# Suggest me a digital camera fast ... i want to purchase it in next 2 hours..so help



## arunks (Aug 25, 2007)

Which one is better

Sony cybershot w35, sony cybershot S650 or canon powershot A550?????????????????




Plz tell me fast ...i wanna purchase it in next 2 hours...


----------



## Ganeshkumar (Aug 25, 2007)

I saw a model Sony T100... I like it overall.... plus it has zoom function during movie mode tooo...

Have a look at  that b4 buying.. I think it arnd 16K a few months back.... And wat is ur Budget?


----------



## arunks (Aug 25, 2007)

hey i have bought today SOny cybershot W80...

is this good option bought by me...??

what is its current price in market according to u...

i Have got 1GB card and 3 year warranty...

i have bought it at Rs.15000 including taxes and also including sony carry case for camera..
is this good deal or not???/

hey also tell me when i will make movie or video through my w80 then audio will be also there or not?????/

i mean without audio there is nothing good in video

so plz telll me fast


----------



## blueshift (Aug 25, 2007)

Yes ofcourse u 'll have audio too.


----------



## dOm1naTOr (Aug 25, 2007)

as uve already bought it, why dun u check it yourself?
Also pls post some nice pics?.


----------



## arunks (Aug 25, 2007)

thank you..actually i have just come home and before using it in my hand I logged in here in this forum as I like this forum very much..
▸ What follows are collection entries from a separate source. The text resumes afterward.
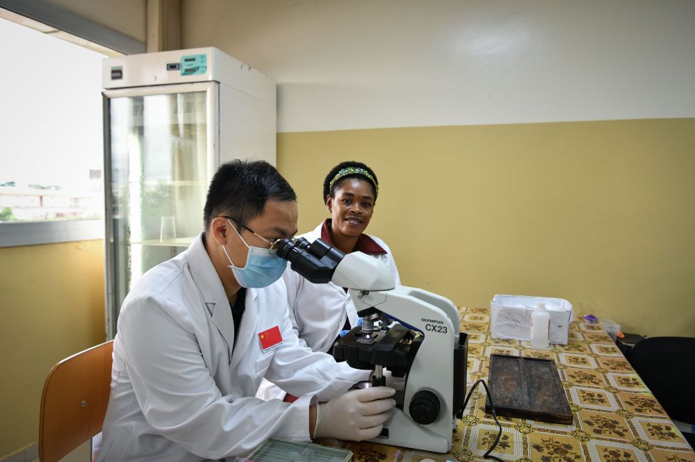 5月16日,在赤道幾內(nèi)亞馬拉博地區(qū)醫(yī)院,中國(guó)醫(yī)生同當(dāng)?shù)赝乱黄饳z測(cè)樣本。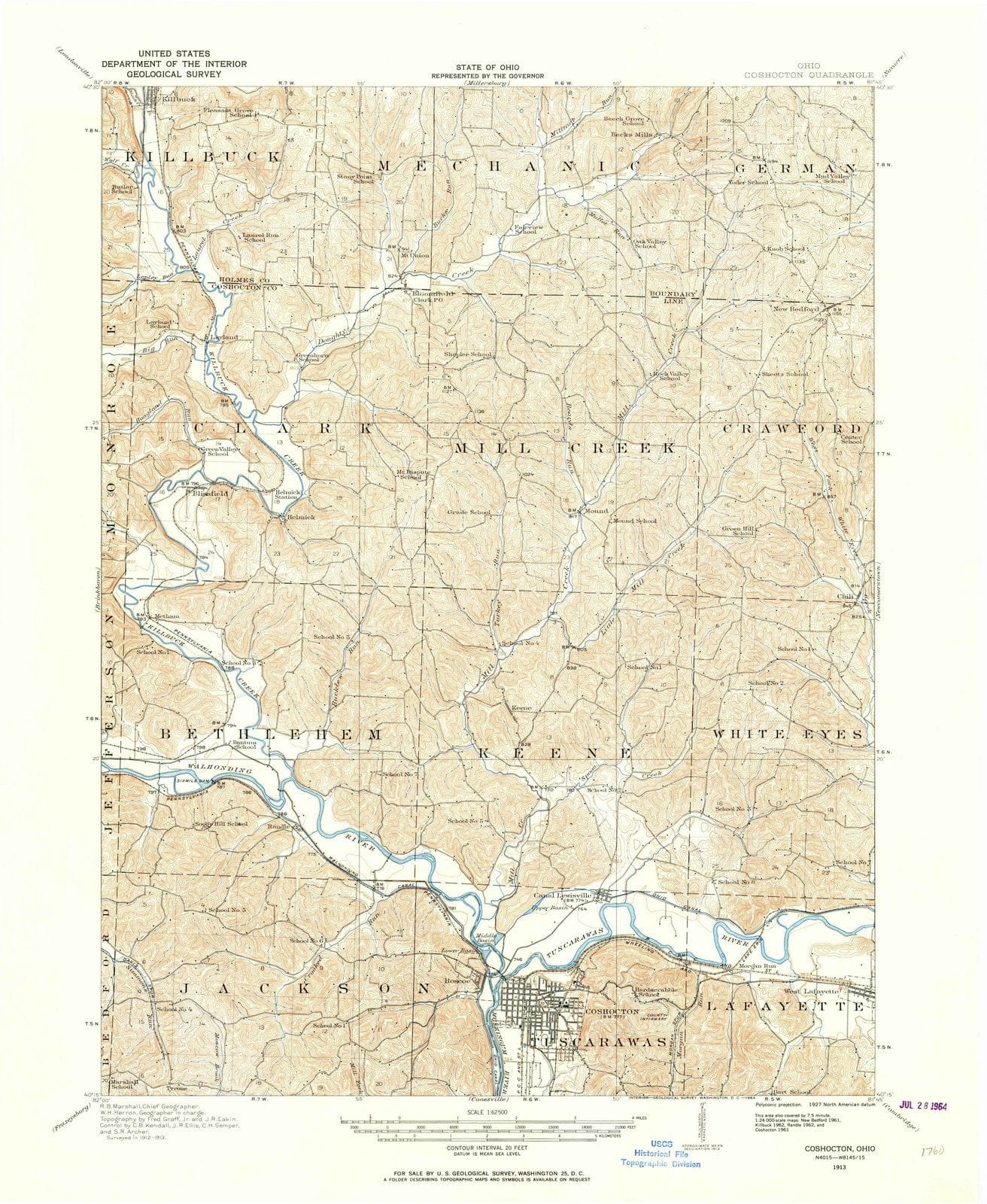 1913 Coshocton, OH - Ohio - USGS Topographic Map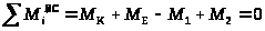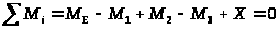 Определяем опорные реакции. Отбросив опору (в данном случае защемление), заменим ее возможными реакциями. Т. к. все активные силы представляют собой крутящие моменты, то в опоре возникает только одно воздействие крутящий момент М>Е>, который определим из уравнения равновесия:

But guys U havnt told me anything about price... plz tell me is this a good deal or not..what is its price in other cities


----------



## dOm1naTOr (Aug 25, 2007)

Same was the case bout me when i bought both of my PCs.
btw i dunno the price of dat cam.


----------



## Sylar (Aug 25, 2007)

*Re: Suggest me a digital camera fast ... i want to purchase it in next 2 hours..so he*

was there any particular reason for the hurry in buying the camera??  You could have waited for more suggestions to consider in this thread..

Well there were the Canon A570 IS & A710 IS both 7 megapixels and arnd the 15-16k mark.. Also the A570 IS has a 4x optical zoom n the A710 has a 6x optical and from my experience i've found that optical Image Stabilization of Canon is better than Sony's, though how much u notice it depends on ur usage..

Anyway congrats on ur purchase..

Btw Sony W80 is arnd 14.5k @ jjmehta along with a 1GB card... *www.jjmehta.com/pricelist/sony_handycam_pricing.htm


----------